You can even have a look around in your snapshot. By default the snapshots are hidden but you can make them visible with the following command:

sudo zfs set snapdir=visible yolo/mariadb

Now you can list the snapshots with:

ls -all /mnt/mariadb/.zfs/snapshot/

Backup and restore a snapshot

As I said earlier, a snapshot is just a reference, not an actual filesystem.

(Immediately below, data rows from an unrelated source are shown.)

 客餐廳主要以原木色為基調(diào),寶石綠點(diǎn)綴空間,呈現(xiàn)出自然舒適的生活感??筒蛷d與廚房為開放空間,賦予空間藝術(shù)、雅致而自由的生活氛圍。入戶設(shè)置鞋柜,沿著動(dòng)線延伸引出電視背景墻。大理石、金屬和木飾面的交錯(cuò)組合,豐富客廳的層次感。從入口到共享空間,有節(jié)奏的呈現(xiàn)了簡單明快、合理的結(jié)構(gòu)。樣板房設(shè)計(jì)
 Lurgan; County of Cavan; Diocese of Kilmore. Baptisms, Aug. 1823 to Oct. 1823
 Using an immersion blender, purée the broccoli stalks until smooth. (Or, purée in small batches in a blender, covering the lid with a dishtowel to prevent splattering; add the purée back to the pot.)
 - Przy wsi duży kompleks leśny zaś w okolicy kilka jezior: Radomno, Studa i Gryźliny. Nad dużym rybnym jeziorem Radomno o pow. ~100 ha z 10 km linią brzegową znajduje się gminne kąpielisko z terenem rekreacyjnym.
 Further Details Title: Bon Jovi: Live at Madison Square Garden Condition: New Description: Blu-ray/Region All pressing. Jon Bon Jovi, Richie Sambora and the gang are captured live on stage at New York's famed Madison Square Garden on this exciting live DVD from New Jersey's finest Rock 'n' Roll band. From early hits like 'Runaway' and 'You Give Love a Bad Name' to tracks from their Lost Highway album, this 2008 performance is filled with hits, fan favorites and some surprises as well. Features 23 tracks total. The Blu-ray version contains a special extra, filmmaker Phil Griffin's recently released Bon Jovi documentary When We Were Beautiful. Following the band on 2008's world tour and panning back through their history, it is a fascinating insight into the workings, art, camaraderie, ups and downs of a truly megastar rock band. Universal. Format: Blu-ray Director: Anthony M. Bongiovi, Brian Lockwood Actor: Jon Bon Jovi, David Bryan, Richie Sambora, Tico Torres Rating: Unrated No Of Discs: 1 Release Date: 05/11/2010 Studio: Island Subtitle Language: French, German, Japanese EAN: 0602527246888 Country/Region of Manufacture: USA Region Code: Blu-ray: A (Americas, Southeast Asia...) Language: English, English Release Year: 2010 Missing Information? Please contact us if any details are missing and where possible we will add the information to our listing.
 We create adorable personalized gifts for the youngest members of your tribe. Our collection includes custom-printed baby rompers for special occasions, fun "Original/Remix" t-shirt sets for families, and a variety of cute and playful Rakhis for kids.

Using zfs send you can create a stream of the snapshot and backup the data:

sudo zfs send yolo/mariadb@bar > /backup/yolo/mariadb/bar
#or
sudo zfs send yolo/mariadb@bar | gzip > /backup/yolo/mariadb/bar.gz
#or even
sudo zfs send yolo/mariadb@bar | ssh backuphost zfs recv yolo/mariadb

Now restore the first snapshot:

sudo service mysql stop
sudo rm -rf /mnt/mariadb/*
sudo cp -R /mnt/mariadb/.zfs/snapshot/bar/* /mnt/mariadb/
sudo chown -R mysql:mysql /mnt/mariadb/*
sudo service mysql start

The data in the database should be the data we originally inserted:

Restored database

Yay!

Final remark

As you may know, MariaDB does not write every transaction to disk immediately. While MyISAM does write to disk when you issue a FLUSH TABLES WITH READ LOCK statement, InnoDB does not guarantee it will. However it does write to the binary log files. So when you include these in your snapshot you're fine.